EXERCISE BRIEF: Nothing but the pictures should be left out when the entries below are duplicated.

+---+

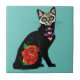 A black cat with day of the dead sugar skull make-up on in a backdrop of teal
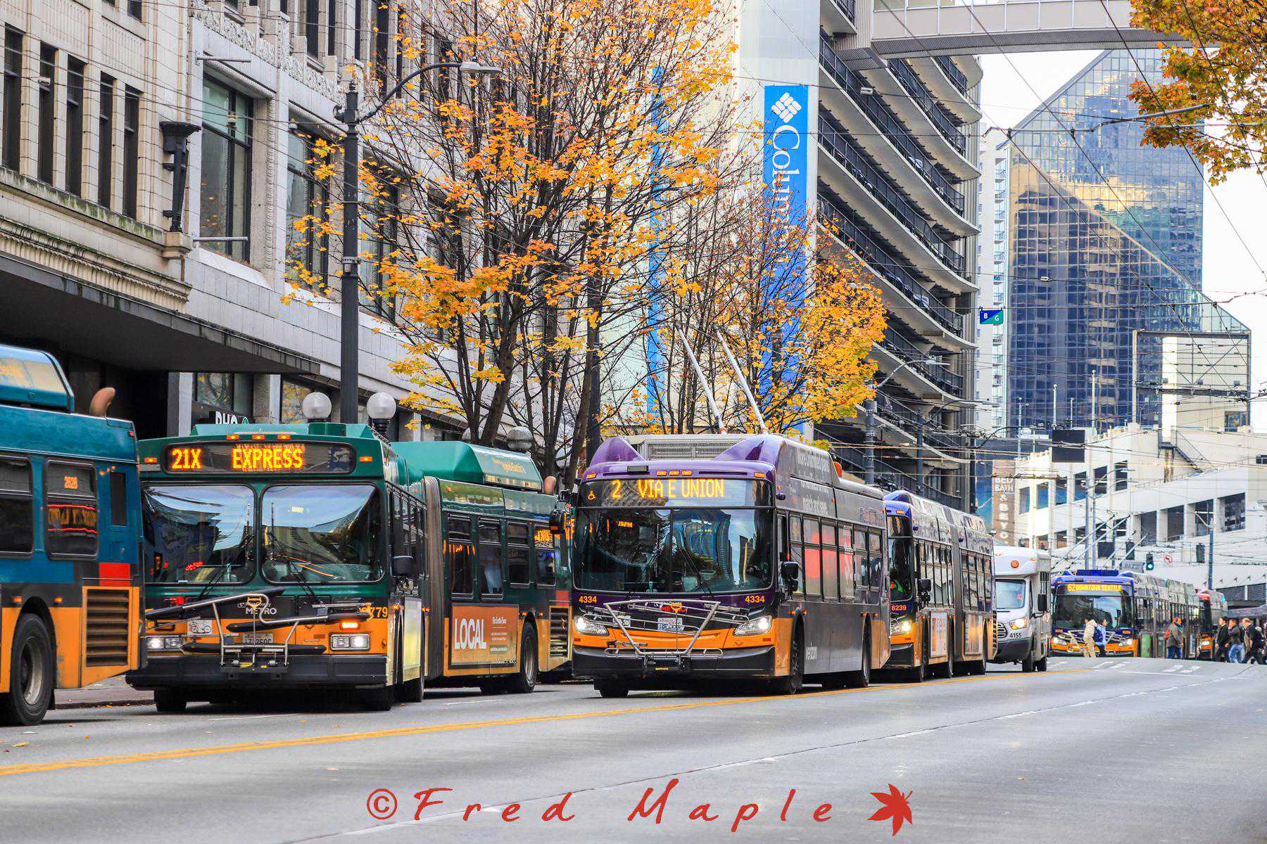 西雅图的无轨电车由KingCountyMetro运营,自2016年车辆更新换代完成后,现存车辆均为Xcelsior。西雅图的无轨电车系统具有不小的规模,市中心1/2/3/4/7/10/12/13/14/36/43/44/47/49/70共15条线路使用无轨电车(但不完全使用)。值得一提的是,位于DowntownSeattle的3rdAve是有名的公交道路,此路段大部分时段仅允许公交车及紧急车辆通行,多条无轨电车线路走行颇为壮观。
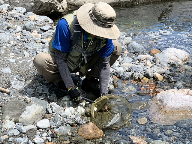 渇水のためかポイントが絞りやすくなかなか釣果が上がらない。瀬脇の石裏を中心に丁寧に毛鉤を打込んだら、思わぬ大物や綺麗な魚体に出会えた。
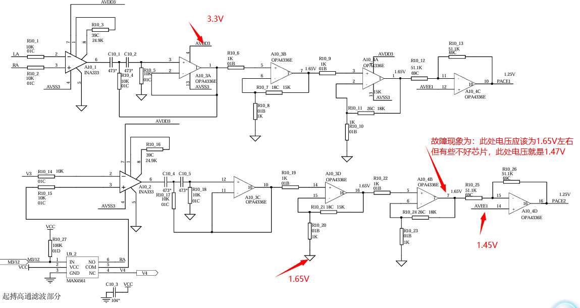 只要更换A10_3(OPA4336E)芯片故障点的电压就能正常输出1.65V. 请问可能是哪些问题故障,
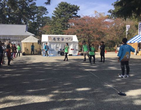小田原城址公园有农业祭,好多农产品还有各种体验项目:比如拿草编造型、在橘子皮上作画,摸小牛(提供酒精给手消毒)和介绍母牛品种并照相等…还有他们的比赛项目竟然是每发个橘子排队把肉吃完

+---+

ANSWER BOX:
 A black cat with day of the dead sugar skull make-up on in a backdrop of teal
 西雅图的无轨电车由KingCountyMetro运营,自2016年车辆更新换代完成后,现存车辆均为Xcelsior。西雅图的无轨电车系统具有不小的规模,市中心1/2/3/4/7/10/12/13/14/36/43/44/47/49/70共15条线路使用无轨电车(但不完全使用)。值得一提的是,位于DowntownSeattle的3rdAve是有名的公交道路,此路段大部分时段仅允许公交车及紧急车辆通行,多条无轨电车线路走行颇为壮观。
 渇水のためかポイントが絞りやすくなかなか釣果が上がらない。瀬脇の石裏を中心に丁寧に毛鉤を打込んだら、思わぬ大物や綺麗な魚体に出会えた。
 只要更换A10_3(OPA4336E)芯片故障点的电压就能正常输出1.65V. 请问可能是哪些问题故障,
小田原城址公园有农业祭,好多农产品还有各种体验项目:比如拿草编造型、在橘子皮上作画,摸小牛(提供酒精给手消毒)和介绍母牛品种并照相等…还有他们的比赛项目竟然是每发个橘子排队把肉吃完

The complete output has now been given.